=== STORED DATA ===
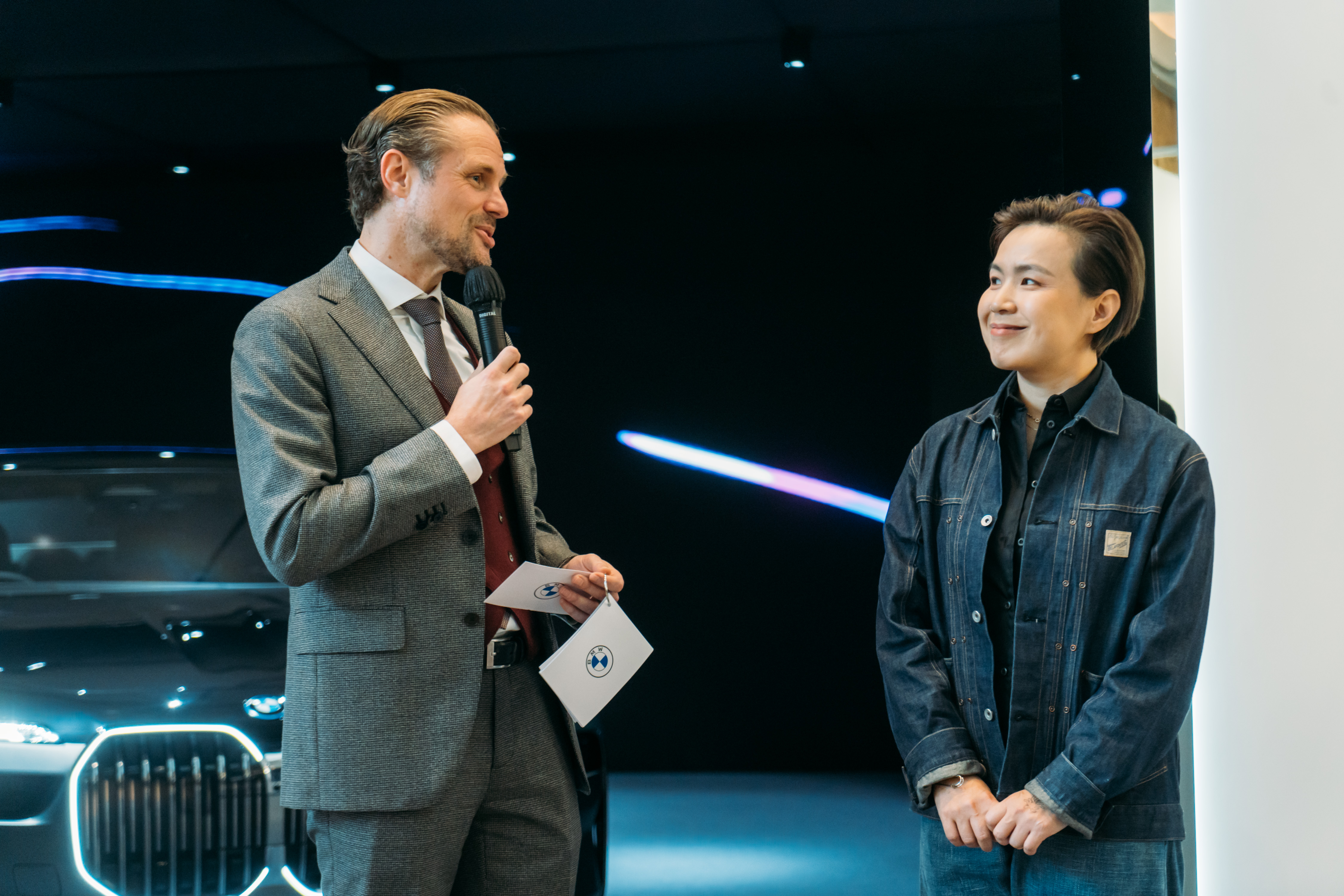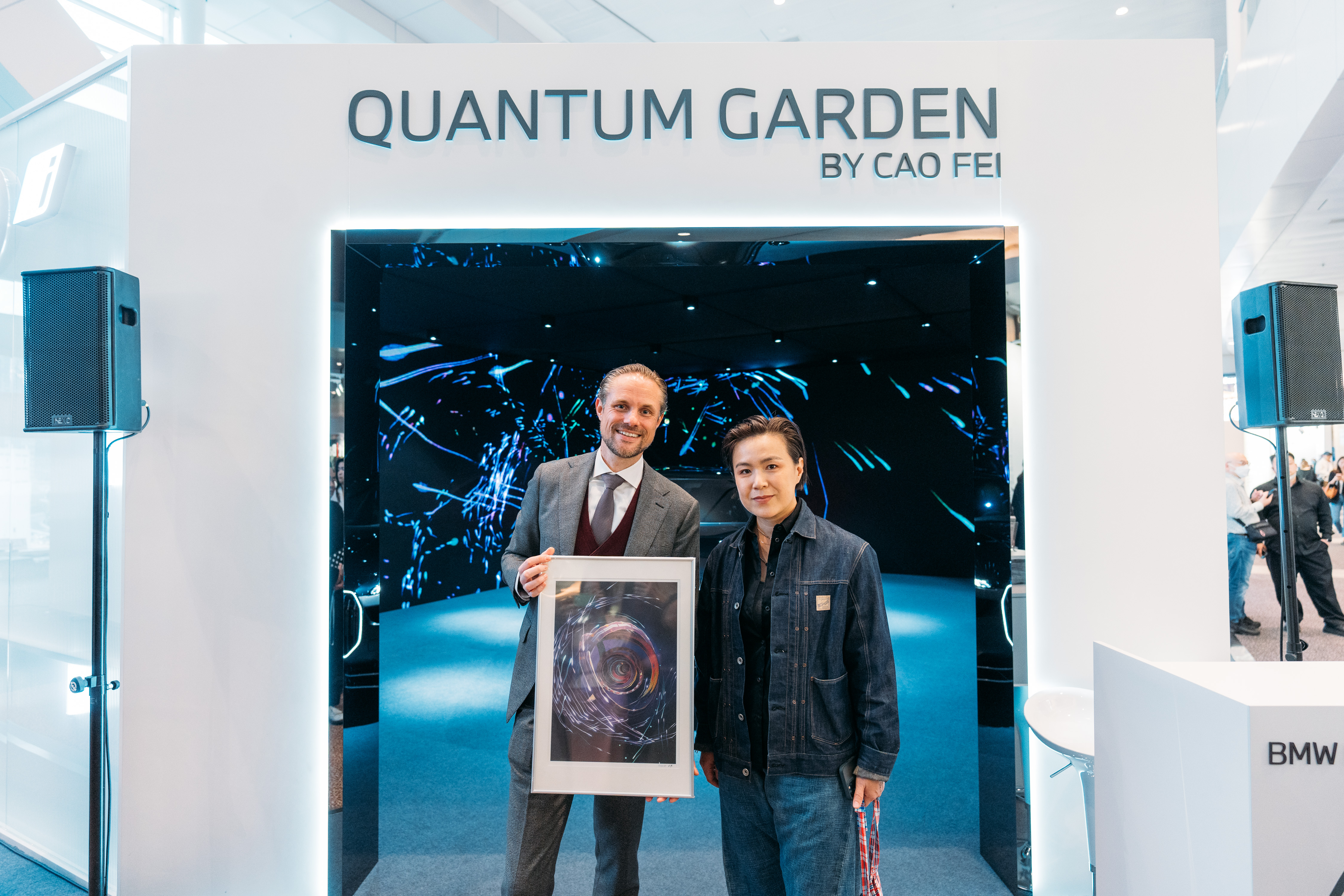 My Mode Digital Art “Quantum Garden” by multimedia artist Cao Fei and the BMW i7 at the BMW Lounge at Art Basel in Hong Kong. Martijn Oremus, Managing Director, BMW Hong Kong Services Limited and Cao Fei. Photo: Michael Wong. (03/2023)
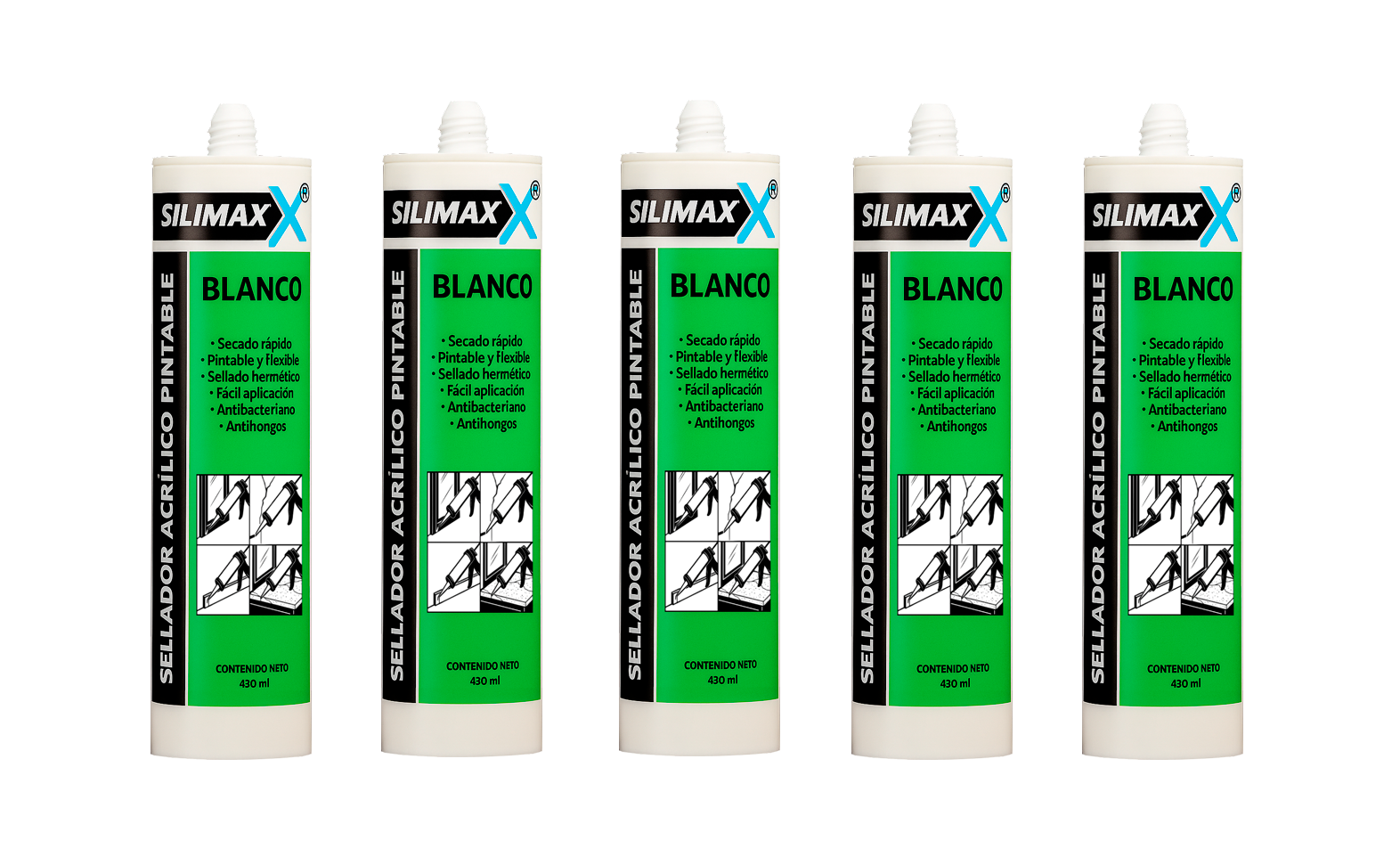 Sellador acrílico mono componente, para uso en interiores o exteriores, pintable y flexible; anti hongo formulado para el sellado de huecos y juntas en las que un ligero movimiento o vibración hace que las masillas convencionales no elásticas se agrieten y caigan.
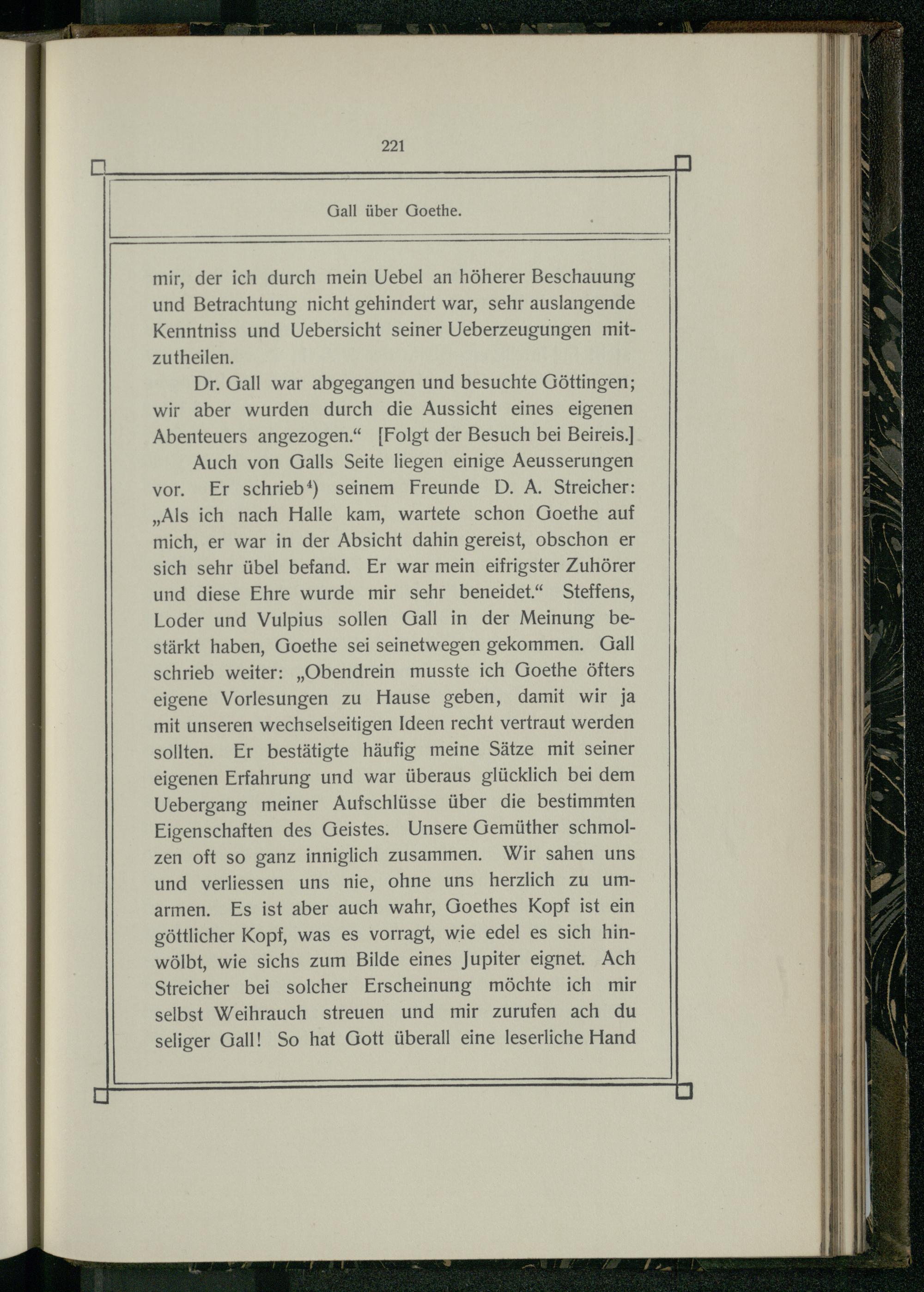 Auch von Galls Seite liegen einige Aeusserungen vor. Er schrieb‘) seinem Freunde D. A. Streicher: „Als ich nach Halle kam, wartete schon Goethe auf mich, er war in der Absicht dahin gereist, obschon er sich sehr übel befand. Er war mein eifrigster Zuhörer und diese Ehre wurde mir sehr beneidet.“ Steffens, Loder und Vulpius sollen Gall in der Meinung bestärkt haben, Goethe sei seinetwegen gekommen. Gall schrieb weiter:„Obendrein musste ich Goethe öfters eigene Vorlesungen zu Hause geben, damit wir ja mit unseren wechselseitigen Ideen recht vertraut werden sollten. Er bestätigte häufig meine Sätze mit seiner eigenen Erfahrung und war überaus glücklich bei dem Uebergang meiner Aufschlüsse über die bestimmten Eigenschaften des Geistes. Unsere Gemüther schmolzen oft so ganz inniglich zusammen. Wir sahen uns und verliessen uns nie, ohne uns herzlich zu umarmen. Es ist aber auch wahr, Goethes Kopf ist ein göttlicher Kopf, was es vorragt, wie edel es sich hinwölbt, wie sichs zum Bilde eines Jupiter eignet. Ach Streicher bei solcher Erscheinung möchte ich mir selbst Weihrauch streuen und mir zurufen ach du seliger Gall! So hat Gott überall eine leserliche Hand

=== DESCRIPTION OF THE TASK ===
The lines from the one containing "Sellador acrílico mono" through the final line of the data are to be repeated exactly, with both ends included and all pictures left out.

=== ANSWER TO THIS PROBLEM ===
 Sellador acrílico mono componente, para uso en interiores o exteriores, pintable y flexible; anti hongo formulado para el sellado de huecos y juntas en las que un ligero movimiento o vibración hace que las masillas convencionales no elásticas se agrieten y caigan.
 Auch von Galls Seite liegen einige Aeusserungen vor. Er schrieb‘) seinem Freunde D. A. Streicher: „Als ich nach Halle kam, wartete schon Goethe auf mich, er war in der Absicht dahin gereist, obschon er sich sehr übel befand. Er war mein eifrigster Zuhörer und diese Ehre wurde mir sehr beneidet.“ Steffens, Loder und Vulpius sollen Gall in der Meinung bestärkt haben, Goethe sei seinetwegen gekommen. Gall schrieb weiter:„Obendrein musste ich Goethe öfters eigene Vorlesungen zu Hause geben, damit wir ja mit unseren wechselseitigen Ideen recht vertraut werden sollten. Er bestätigte häufig meine Sätze mit seiner eigenen Erfahrung und war überaus glücklich bei dem Uebergang meiner Aufschlüsse über die bestimmten Eigenschaften des Geistes. Unsere Gemüther schmolzen oft so ganz inniglich zusammen. Wir sahen uns und verliessen uns nie, ohne uns herzlich zu umarmen. Es ist aber auch wahr, Goethes Kopf ist ein göttlicher Kopf, was es vorragt, wie edel es sich hinwölbt, wie sichs zum Bilde eines Jupiter eignet. Ach Streicher bei solcher Erscheinung möchte ich mir selbst Weihrauch streuen und mir zurufen ach du seliger Gall! So hat Gott überall eine leserliche Hand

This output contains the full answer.